Monday, July 25th, 2011

Being a teacher, I feel like I am in constant contact with other humans. It is almost like I can’t get away from them. And in reality, I love people. Teaching is definitely a stage where I feel like I can come alive in a sense. It is a place where I can talk about things I know a lot about, be creative, listen and be a little empathetic, envision and plan for things to come (this is one of the reasons why I actually enjoy writing a syllabus—I love envisioning a future and how to plan for it), and involve myself in a little acting. But as an introvert, teaching is also exhausting. After my back-to-back classes followed by office hours, I usually feel exhausted and need time to recharge alone. This is why I prefer to have my own classes on opposite days that I teach. (This hasn’t really worked out though until this coming semester). So yeah, I am a pretty big introvert. I once even tested 99% introverted on the Meyer’s Briggs test. This introverted thing about me is no joke and it is partially why I can’t and won’t shut up about it.

But I’ve learned through simple experience how to survive as an introvert in a very extroverted world where many people want my attention (students and friends) and don’t always realize that I need to have more downtime than they may need to have. I’ve also noticed that sometimes my friends misunderstand my behavior and think me as being rude or weird. Though I may be a little weird, or off, I am certainly not trying to be rude. When I am alone is one of the times where I am at my happiest. So here are some things I do that I feel are often misunderstood or misread and if I seem a little irritated it is because I probably am. It has been a long summer for this girl.

  1. I don’t invite people over often. My friend David once commented about how I never invited him over, and I explained to him that my home is the one place where I know I can truly be alone without interruption. My home is definitely my source of peace away from anyone else. If I want to hang out with people, I also prefer to either go to someone else’s house or meet at a public place, like a bar or a restaurant.

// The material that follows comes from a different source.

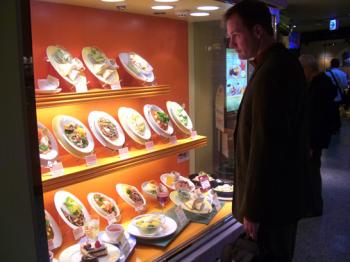 Plastic food displays are typical in the train station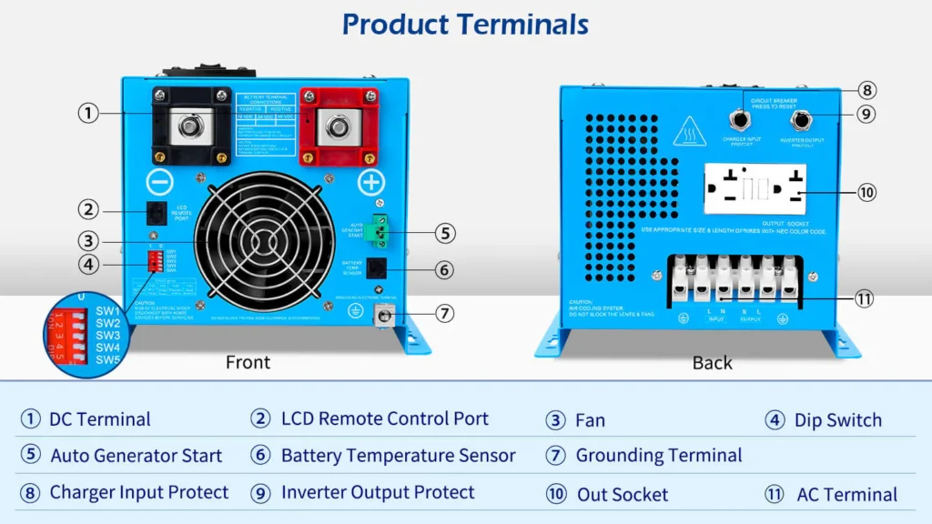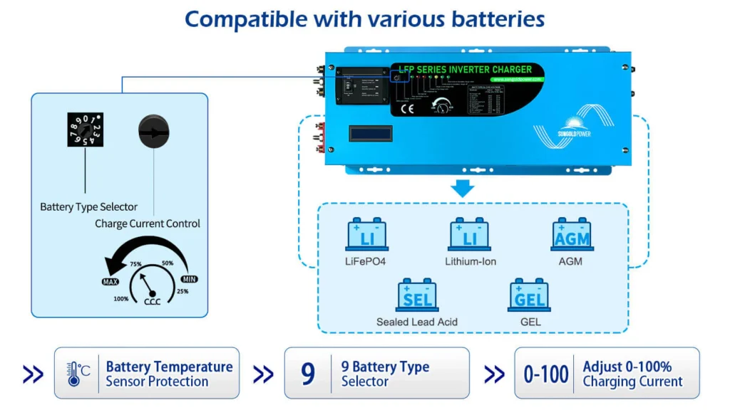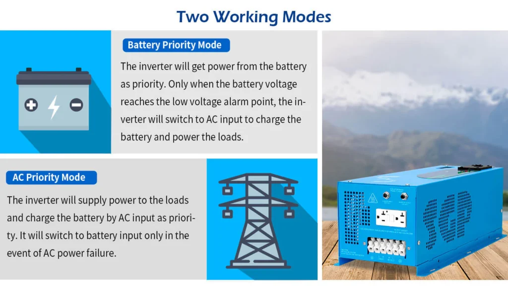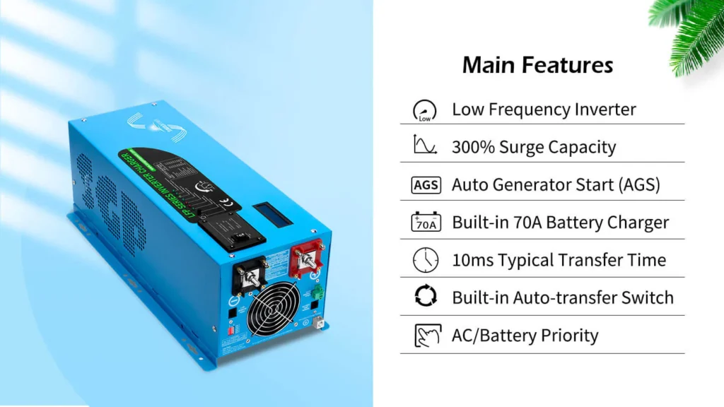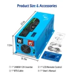 If you are looking for a pure sine-wave inverter/charger, the 2000W SunGoldPower low-frequency pure sine-wave inverter is an excellent choice. It combines inverter, battery charger and transfer switch functionality into one complete system, This 12V DC to 120V AC inverter boasts a 300% surge capacity for 20 seconds to reliably support tools and equipment longer.

I would rather do that than have people come over to my place and potentially stay longer than I would like them to. (I hate kicking people out because I feel like I am being rude, but perhaps sometimes I should just tell people to go the hell home.) Bottom line is that I am not interested in people coming over unless I know they won’t stay for what I consider is too long. (For instance, my friend Anthony will come over for a couple beers after work sometimes, but I know he has children to pick up from daycare and he won’t stay long. Plus, he’s Anthony. We definitely have an understanding.) I will also admit to being territorial, which is an introverted trait, so that also explains why I hate people coming over and hanging around my home.
  2. I get up earlier than I need to. I need downtime before I go out into the world and for me this is usually consists of having two hours before I have to walk out the door. I am not the kind of person who can jump out of bed, get ready, and run out the door to get to work or to class. Doing this throws me completely off for the rest of the day. I need time alone just to get ready for my busy day ahead.  This is partly a reason why I hate staying up late, too.

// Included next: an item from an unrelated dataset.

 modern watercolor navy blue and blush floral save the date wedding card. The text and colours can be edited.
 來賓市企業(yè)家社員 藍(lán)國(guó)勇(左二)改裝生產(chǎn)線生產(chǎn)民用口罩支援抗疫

  3. I plan alone time every day. When I first wrote this, I didn’t want to say plan, but I realize now that I do plan to be alone at certain times during a day. Usually this is in the early mornings and late evenings. This is partly why if a friend invites me out to watch a movie late at night, I don’t accept the offer. Late nights are usually my time to recharge from the day and be alone.

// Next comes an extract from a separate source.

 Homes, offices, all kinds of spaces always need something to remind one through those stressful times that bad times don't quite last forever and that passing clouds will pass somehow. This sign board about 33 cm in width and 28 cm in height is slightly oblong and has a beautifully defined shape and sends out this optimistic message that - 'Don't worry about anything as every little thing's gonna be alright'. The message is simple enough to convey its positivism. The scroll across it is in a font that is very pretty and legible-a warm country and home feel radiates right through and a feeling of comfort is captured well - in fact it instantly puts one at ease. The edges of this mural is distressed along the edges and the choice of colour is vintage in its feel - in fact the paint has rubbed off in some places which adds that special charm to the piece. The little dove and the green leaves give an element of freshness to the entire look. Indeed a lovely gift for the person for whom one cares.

  4. I go to public places by myself. Face it—most people get their coffee at a coffee shop to go. I’ll go to the coffee shop to drink coffee and read or work on an essay or other project. I don’t seek out companionship when I do this. It is typically just time for me to work without interruption. And oftentimes I will try to go to a quiet corner where I won’t be immediately noticed if someone I do know comes by. I even enjoy going to movies by myself. There is nothing weird about any of this. I enjoy being around people, but I do not always want to talk with them.
  5. If I invite you over to my house or invite you out somewhere, do not bring your friends or even suggest it. I usually shoot this down anyway or I feel obligated to say, ok, even if I am not excited about it. If I wanted to hang out with your friends or if I wished you to bring a guest when we hang out, I would probably say something about that. It is also important to note that just because you are friends with someone doesn’t mean I will want to be friends with them.
  6. If I am not talking much, I am still probably having a good time. When I am not talking, it simply means I feel I do not have anything to contribute. I only speak when I know I have something worthwhile to say. I hate small talk and I hate talking just to fill up silence because I don’t see a point to these sorts of discussions or comments. So I just won’t say anything. And if I am not saying anything, please don’t prod me to say something. I still won’t give you much reaction anyway. (And don’t think if I don’t say much to your question or comment, that I am angry. You will know when I’m angry. Trust me.)

Also, if you don’t hear from me for a period of time, I probably am not dead, or let’s hope I’m not dead. I probably just want to be left alone.